This morning I was scouring the internet for blogs in NYC with women and art as their subject - (we're looking for people to invite to a preview screening of our film "a woman like that") and came upon this blog listing an exhibition that is opening May 8th, “Remember the Ladies: Women Artists of the Hudson River School”, believed to be the first exhibition ever to focus solely on women artists associated with the 19th century landscape painting movement.
"Remember the Ladies" wow, that resounds for me. I think about Artemisia and all the "ladies" who have been forgotten in history, and how in our film "a woman like that" many people reflect on what this historical forgetting and then this finding of Artemisia, her life and her art mean for them.

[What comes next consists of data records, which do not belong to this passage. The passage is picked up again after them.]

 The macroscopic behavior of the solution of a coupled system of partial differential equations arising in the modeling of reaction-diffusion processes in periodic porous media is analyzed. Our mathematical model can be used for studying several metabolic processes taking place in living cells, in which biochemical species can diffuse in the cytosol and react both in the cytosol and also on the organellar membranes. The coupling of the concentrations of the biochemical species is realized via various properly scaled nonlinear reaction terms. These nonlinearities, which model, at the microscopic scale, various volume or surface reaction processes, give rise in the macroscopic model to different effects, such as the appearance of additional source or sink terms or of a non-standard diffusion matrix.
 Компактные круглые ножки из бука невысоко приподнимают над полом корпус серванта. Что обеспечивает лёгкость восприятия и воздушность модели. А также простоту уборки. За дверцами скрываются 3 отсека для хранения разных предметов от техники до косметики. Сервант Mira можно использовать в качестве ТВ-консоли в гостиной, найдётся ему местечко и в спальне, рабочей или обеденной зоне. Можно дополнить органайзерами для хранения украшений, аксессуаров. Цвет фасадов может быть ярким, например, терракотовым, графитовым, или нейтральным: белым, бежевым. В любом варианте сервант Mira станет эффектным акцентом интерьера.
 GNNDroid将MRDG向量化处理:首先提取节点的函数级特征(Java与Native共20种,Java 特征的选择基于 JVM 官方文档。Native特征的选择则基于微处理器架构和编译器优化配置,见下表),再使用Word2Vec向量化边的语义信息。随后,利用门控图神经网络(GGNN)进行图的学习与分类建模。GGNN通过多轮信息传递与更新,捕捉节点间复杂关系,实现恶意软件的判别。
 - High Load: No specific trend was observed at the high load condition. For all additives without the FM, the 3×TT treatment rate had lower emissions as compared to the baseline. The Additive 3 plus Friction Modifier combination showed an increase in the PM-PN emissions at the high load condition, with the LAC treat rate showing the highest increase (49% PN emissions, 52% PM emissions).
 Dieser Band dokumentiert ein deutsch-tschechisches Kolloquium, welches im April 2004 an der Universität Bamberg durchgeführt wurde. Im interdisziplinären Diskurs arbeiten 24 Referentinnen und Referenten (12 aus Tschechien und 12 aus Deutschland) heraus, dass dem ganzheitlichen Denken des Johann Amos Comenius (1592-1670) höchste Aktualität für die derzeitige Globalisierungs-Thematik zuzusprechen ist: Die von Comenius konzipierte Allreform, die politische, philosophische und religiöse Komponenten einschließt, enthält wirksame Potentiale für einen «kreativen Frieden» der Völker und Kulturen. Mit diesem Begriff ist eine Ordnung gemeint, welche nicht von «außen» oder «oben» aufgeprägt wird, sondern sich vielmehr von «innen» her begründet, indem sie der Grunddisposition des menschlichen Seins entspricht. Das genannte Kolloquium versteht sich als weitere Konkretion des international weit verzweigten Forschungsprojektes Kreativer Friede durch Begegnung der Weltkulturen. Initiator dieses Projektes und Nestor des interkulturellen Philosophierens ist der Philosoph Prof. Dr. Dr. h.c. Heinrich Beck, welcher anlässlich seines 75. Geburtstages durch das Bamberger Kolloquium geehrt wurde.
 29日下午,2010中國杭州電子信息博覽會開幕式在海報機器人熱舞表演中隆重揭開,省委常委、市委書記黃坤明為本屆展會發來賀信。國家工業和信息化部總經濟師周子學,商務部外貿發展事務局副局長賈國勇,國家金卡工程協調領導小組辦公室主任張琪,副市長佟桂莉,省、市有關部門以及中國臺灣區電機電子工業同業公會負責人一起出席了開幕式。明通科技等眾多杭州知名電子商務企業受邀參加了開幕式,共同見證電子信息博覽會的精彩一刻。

So here is this other group of women - and again like Artemisia, many had fathers, brothers, other family members who were/are famous artists. And while the museum notice states, "They produced magnificent works of art, and they were inspired by the landscape just as Thomas Cole and Asher Durand were.", - I immediately ponder this comparison to Cole and Durand - the more famous men. And my mind streams, from that spectacular landscape to those forgotten women and, to all those others who have been and are inspired to make art who we never hear of .. and then I leap to this unknowable void - all this unseen art. And I remember the women we met at CAA who showed us images of their art, really good art, original, provocative, beautifully wrought art that they couldn't get shown and that we may never see.
So this is what I hope/imagine will happen during our upcoming travels to show "a woman like that" - women will share their work with us, with you, on our blog,on our facebook page and we will, in our little way "remember" that women make art - every day.
P.S. The announcement says "The title is taken from a letter from Abigail Adams to John Adams in 1776: “I desire you would Remember the Ladies… if particular care and attention is not paid to the Ladies we are determined to foment a Rebellion.” Now Abigail Adams was one cool "lady".